Information provided -
━━━━━━

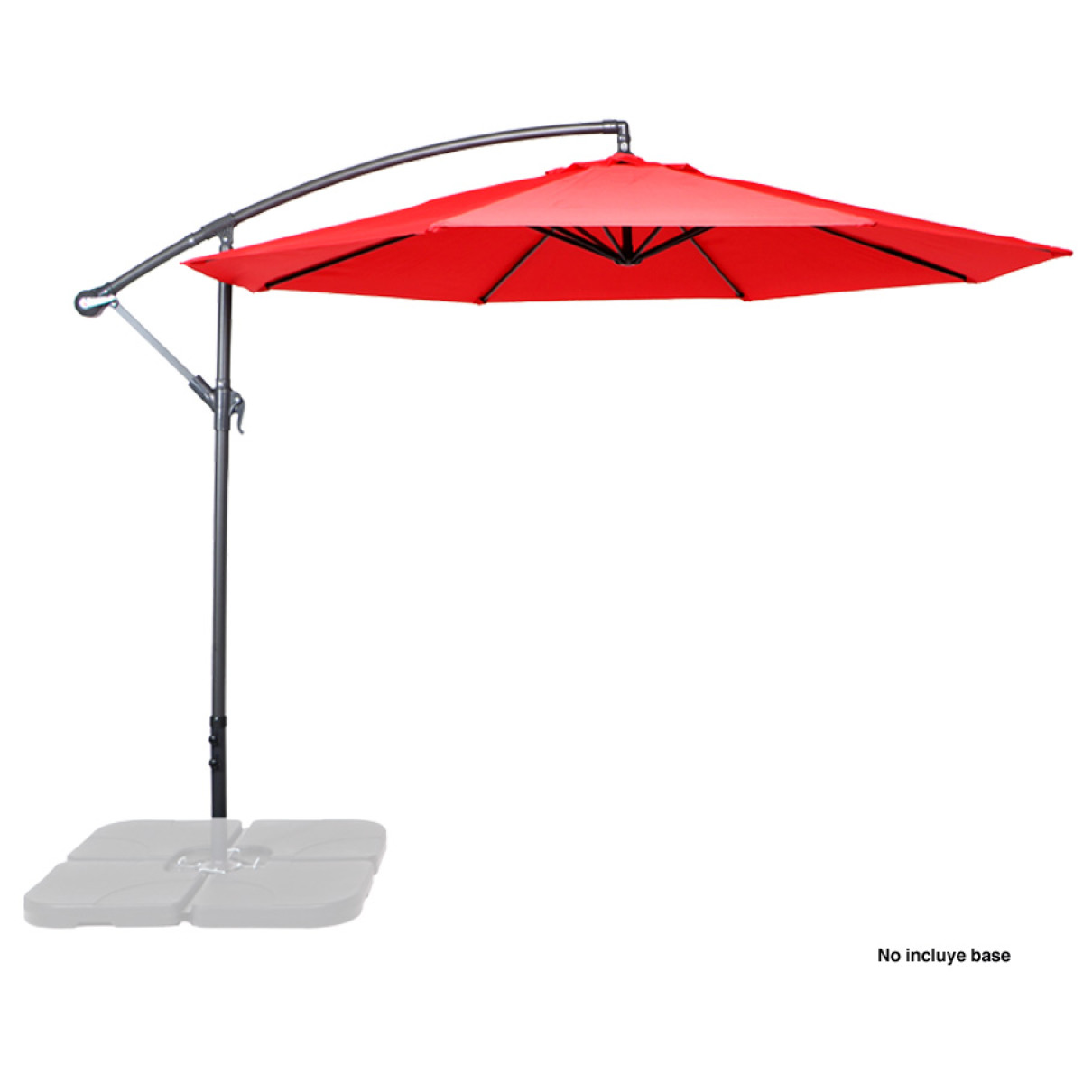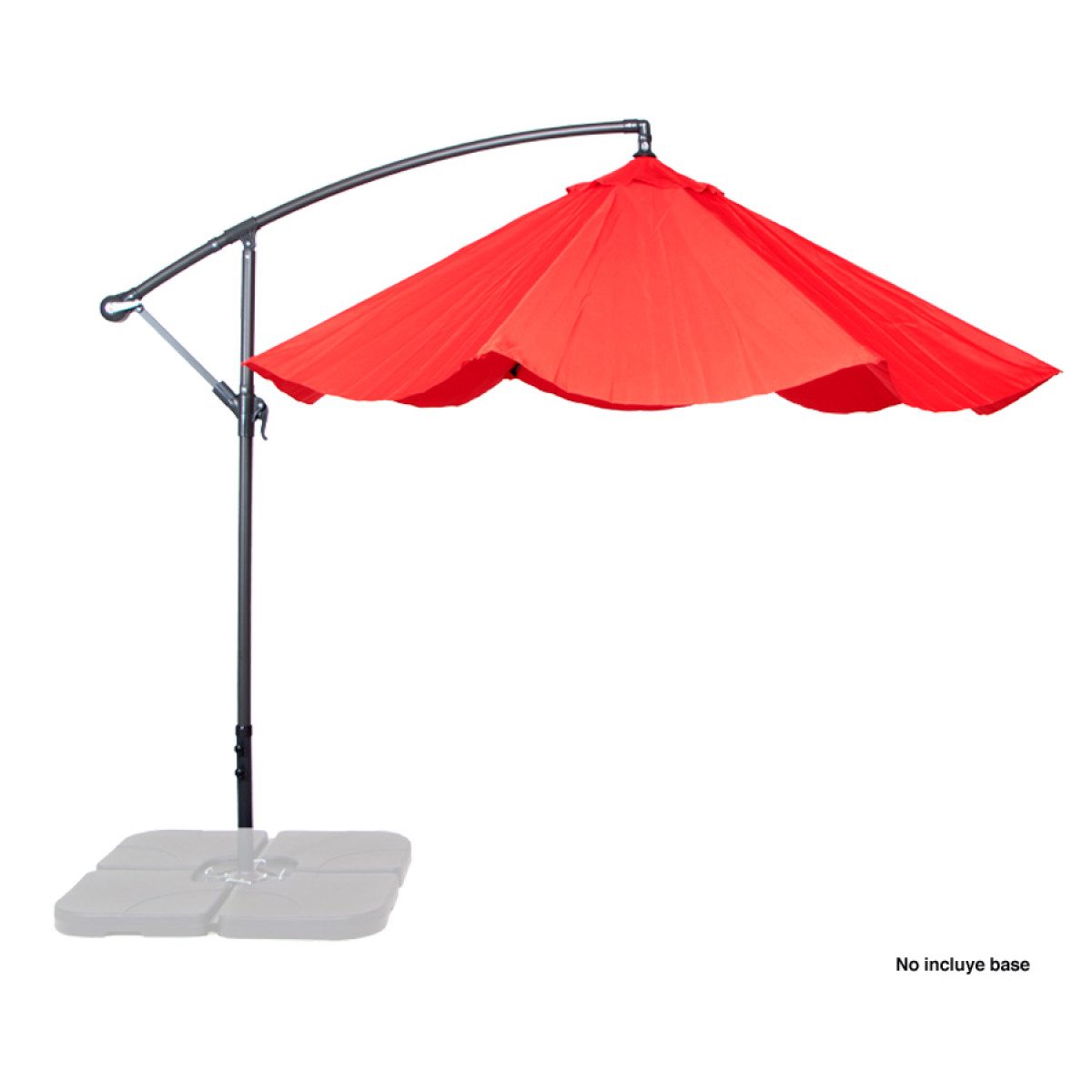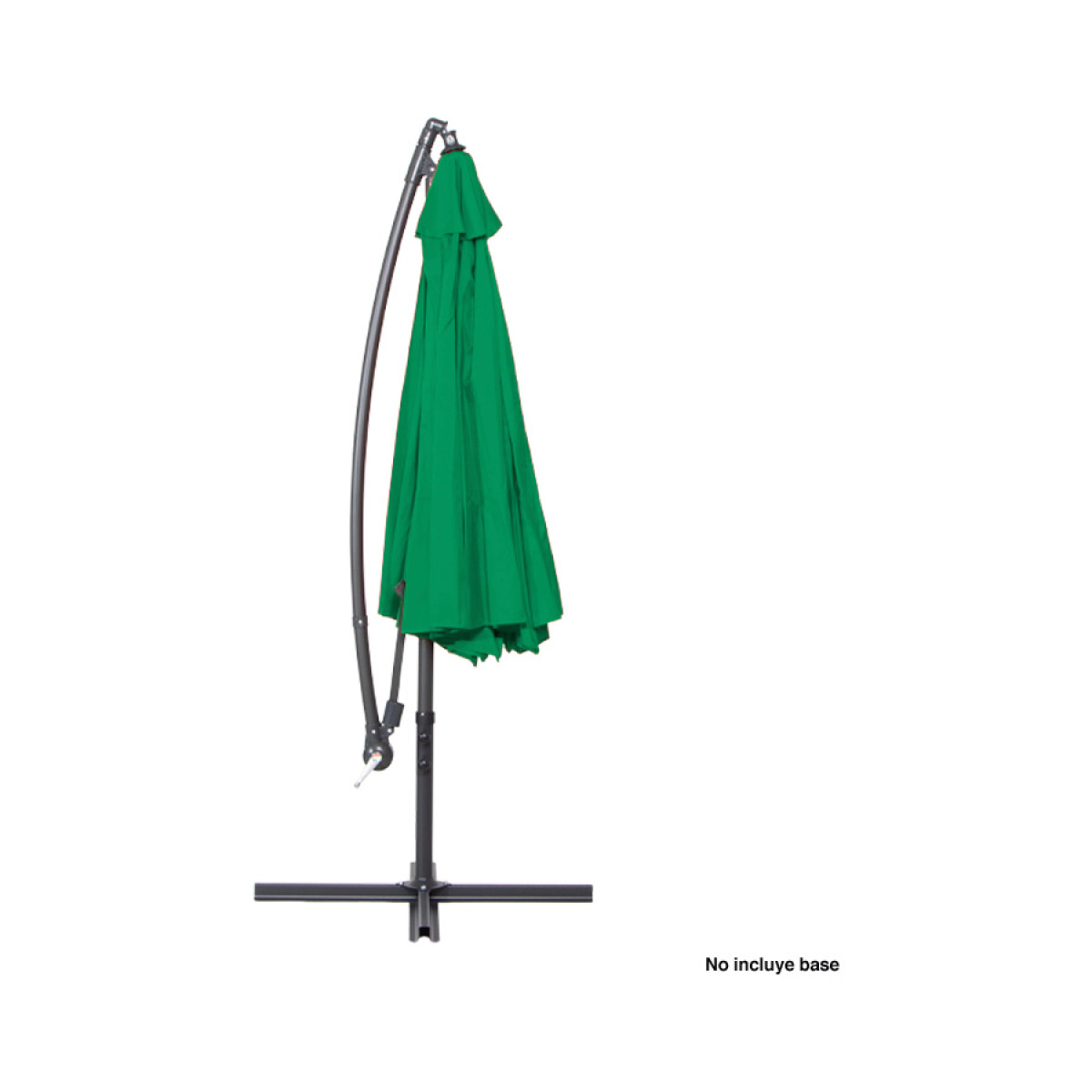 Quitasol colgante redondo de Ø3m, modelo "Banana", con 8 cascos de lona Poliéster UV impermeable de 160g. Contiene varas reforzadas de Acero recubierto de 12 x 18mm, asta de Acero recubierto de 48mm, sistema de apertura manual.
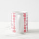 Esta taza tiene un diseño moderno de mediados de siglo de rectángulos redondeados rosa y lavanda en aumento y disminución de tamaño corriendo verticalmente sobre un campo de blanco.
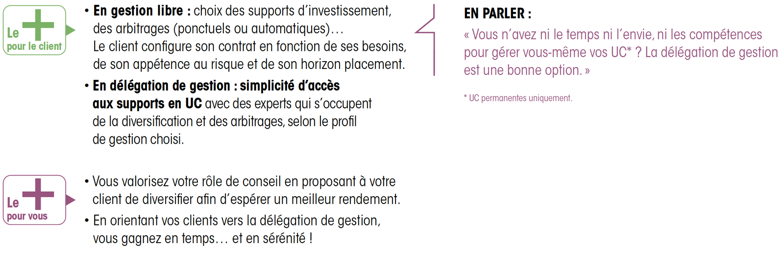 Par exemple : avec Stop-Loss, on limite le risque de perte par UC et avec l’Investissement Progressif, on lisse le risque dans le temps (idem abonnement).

━━━━━━

What to produce -
Without the pictures, return the listing above from its first line through the line that has "Esta taza tiene".

Output below -
 Quitasol colgante redondo de Ø3m, modelo "Banana", con 8 cascos de lona Poliéster UV impermeable de 160g. Contiene varas reforzadas de Acero recubierto de 12 x 18mm, asta de Acero recubierto de 48mm, sistema de apertura manual.
 Esta taza tiene un diseño moderno de mediados de siglo de rectángulos redondeados rosa y lavanda en aumento y disminución de tamaño corriendo verticalmente sobre un campo de blanco.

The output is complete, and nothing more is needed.